# Five Ten resole kit



## ej63090 (Aug 18, 2011)

Would it be worth it to just resole a pair of my old DC Skate shoes with the Five ten stealth resole kit?


----------



## NicoleB (Jul 21, 2011)

i tried this. the glue they gave me did not hold up. i found out i was supposed to grind off or remove the old sole, which i didnt do. i glued right on top of old sole. anway,the glue came apart when the shoes got wet. 

So i ended up using Gorilla glue...yeah, the super crazy hardware stuff. it worked for a long time (very messy though!) but when that started to fail, i went ahead and got 5'10 shoes.


----------



## Fix the Spade (Aug 4, 2008)

Do it properly, it will last as long as the sole lasts.

I've done it with two sets of Vans (no other choice, Five ten only go up to UK13), grind the old sole, make sure it's clean, glue, clamp, leave to set, cut/grind to shape once dry.

One pair is 18months old, the other since 2009, both lasting fine as far as sole attachment goes.


----------



## SamL3227 (May 30, 2004)

pics? did you resole it up the sides at all like the impacts or just on the bottom?


----------



## Fix the Spade (Aug 4, 2008)

My current Skinks








Before, with the stock Vans _I'll kill you if you get me ****ing wet_ sole.










After, with Stealth where Waffle once was.

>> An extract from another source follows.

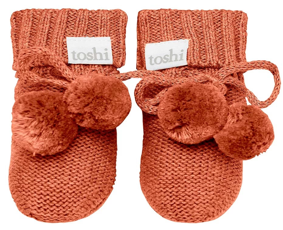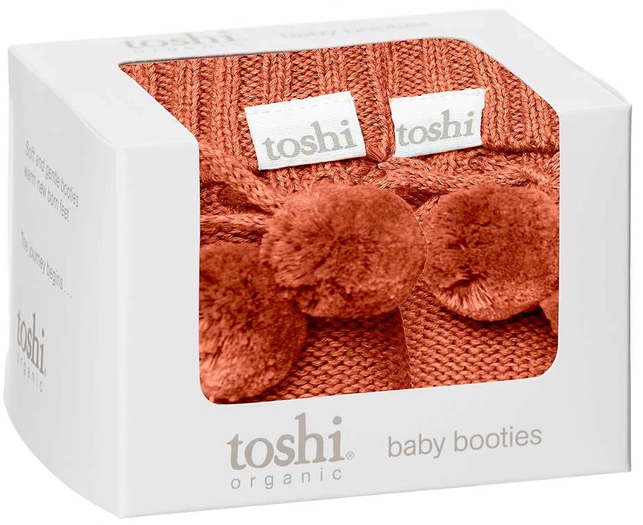 The much loved Toshi Organic Baby Booties Marley are made from the finest quality certified 100% organic cotton yarn. Organic certification ensures the booties are gentle on your babies delicate feet, as well as the environment. The beautifully-textured melange yarn brings an element of refinement to this Toshi baby accessory. Carefully crafted with a ribbed knit cuff, Toshi booties stay up while maintaining healthy circulation. Our booties are ankle height and are designed to protect precious tootsies during rest and play. Cute pom poms create a whimsical style and the ties ensure a snug fit. The colour of this pair of booties is Saffron, a deep and warm gender-neutral hue of the moment. Toshi booties are packaged in a quality box and make an ideal newborn gift.

I didn't try to replace the sides of the sole as I can't honestly say I've ever used that part to try and grip a pedal, plus this way is much easier.

To get it roughly to shape I cut it with a carpet knife, then used a bench belt sander to (very carefully) grind it to the right shape. If you look closely you can see the sole's edge is angled so I didn't sand off any of the shoe.

Not including drying/setting time the whole thing takes about 4 hours, faster if you take less care. For current condition, imagine the second picture with more scuff and less whiteness.

If you have one nearby, a number of companies can do re-soles for you, check Five Ten's website.


----------



## SamL3227 (May 30, 2004)

sweet. looks good. might have to try that if i dont find any more 5.10 rennies around after mine die.


----------